The first poet of importance in the American literary tradition

  • Here Follows Some Verses Upon The Burning Of Our House
  • In silent night when rest I took
  • For sorrow near I did not look
  • I waked was with thund’ring noise
  • And piteous shrieks of dreadful voice.
  • That fearful sound of “Fire!” and “Fire!”
  • Let no man know is my desire.
  • I, starting up, the light did spy,
  • And to my God my heart did cry
  • To strengthen me in my distress
  • And not to leave me succorless.
  • Then, coming out, beheld a space
  • The flame consume my dwelling place.
  • And when I could no longer look,
  • I blest His name that gave and took,
  • That laid my goods now in the dust.
  • Yea, so it was, and so ‘twas just.
  • It was His own, it was not mine,
  • Far be it that I should repine;
  • He might of all justly bereft
  • But yet sufficient for us left.
  • When by the ruins oft I past
  • My sorrowing eyes aside did cast,
  • And here and there the places spy
  • Where oft I sat and long did lie:
  • Here stood that trunk, and there that chest,
  • There lay that store I counted best.
  • My pleasant things in ashes lie,
  • And them behold no more shall I.
  • Under thy roof no guest shall sit,
  • Nor at thy table eat a bit.
  • No pleasant tale shall e’er be told,
  • Nor things recounted done of old.
  • No candle e’er shall shine in thee,
  • Nor bridegroom’s voice e’er heard shall be.
  • In silence ever shall thou lie,
  • Adieu, Adieu, all’s vanity.
  • Then straight I ‘gin my heart to chide,
  • And did thy wealth on earth abide?
  • Didst fix thy hope on mold’ring dust?
  • The arm of flesh didst make thy trust?
  • Raise up thy thoughts above the sky
  • That dunghill mists away may fly.
  • Thou hast an house on high erect,
  • Framed by that mighty Architect,
  • With glory richly furnished,
  • Stands permanent though this be fled.
  • It’s purchased and paid for too
  • By Him who hath enough to do.
  • A price so vast as is unknown
  • Yet by His gift is made thine own;
  • There’s wealth enough, I need no more,
  • Farewell, my pelf, farewell my store.
  • The world no longer let me love,
  • My hope and treasure lies above.
Anne Bradstreet

Anne Bradstreet (1612-1672) was an American poet – before there were American poets.
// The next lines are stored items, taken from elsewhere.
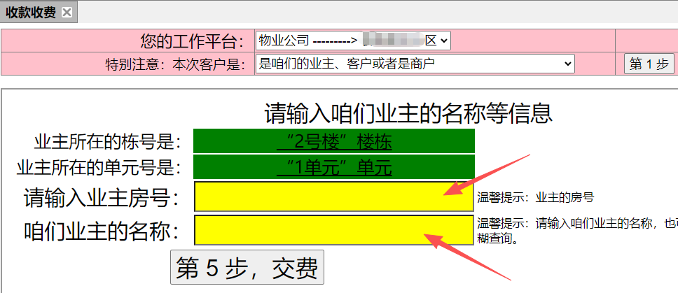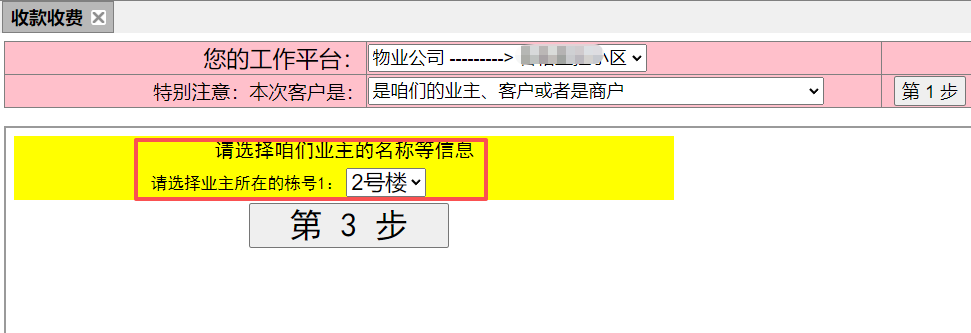 3、选择小区名称后,选择本次收费是不是咱们的业主(客户或者商户)?(如下图):
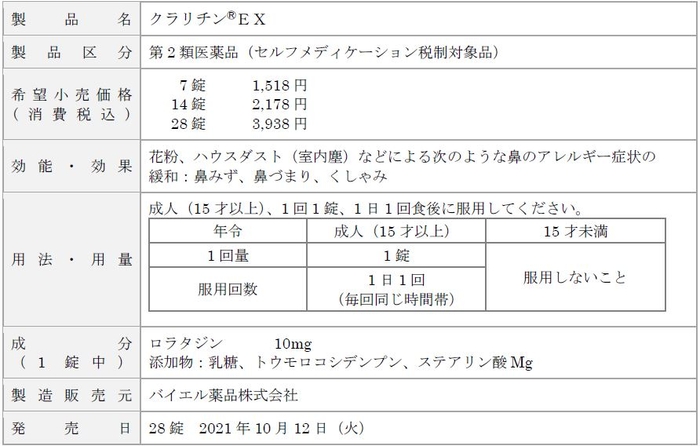 大正製薬株式会社[本社:東京都豊島区 社長:上原 茂](以下、当社)は、アレルギー専用鼻炎薬「クラリチンⓇEX」に28錠入りを細別追加することとし、10月12日より発売いたします。
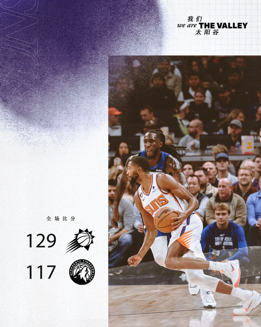 唯彩看球讯 NBA常规赛继续进行,菲尼克斯太阳队重拾胜利。布克得到32分和10次助攻,布里奇斯得到31分、9个篮板和5次助攻,他们率队前三节就确立大比分优势,太阳队在客场以129-117战胜明尼苏达森林狼队(5胜7负)。森林狼队遭遇2连败。
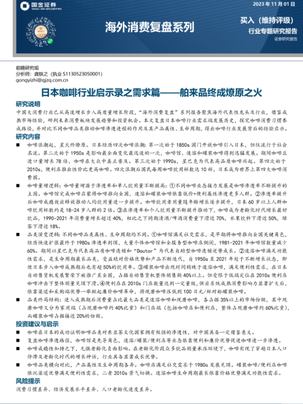 【国金证券】【20231101】海外消费行业复盘系列:日本咖啡行业启示录之需求篇,舶来品终成燎原之火-21页 行业研究
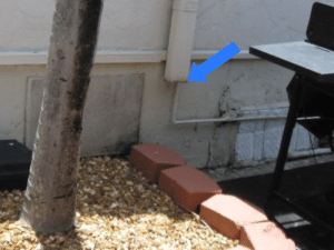 - Downspout discharge too close to building, so drainage is not diverted from elevation
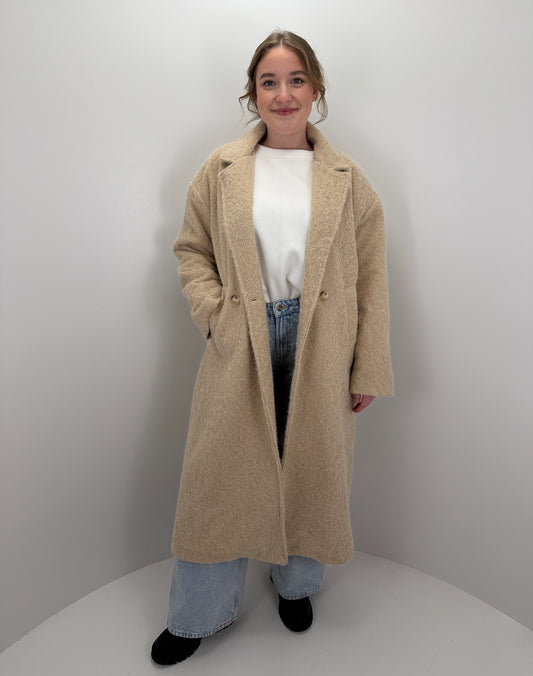 Cashmere Longsleeve Leoprint mit Kragen - beige

An English colonist, she was the first writer in North America to be published and is generally recognized as the first poet of importance in the American literary tradition. Besides personal writings about her life as a wife and mother of eight children living in 17th-century Puritan New England, Bradstreet also wrote a voluminous body of verse which, critics agree, achieved a remarkable level of sophistication and style. Born in Northhampton, England, she married and moved to the Massachusetts Bay Colony in 1630. Her first collection of poems, The Tenth Muse Lately Sprung Up in America, was a popular read among English readers on both sides of the Atlantic Ocean.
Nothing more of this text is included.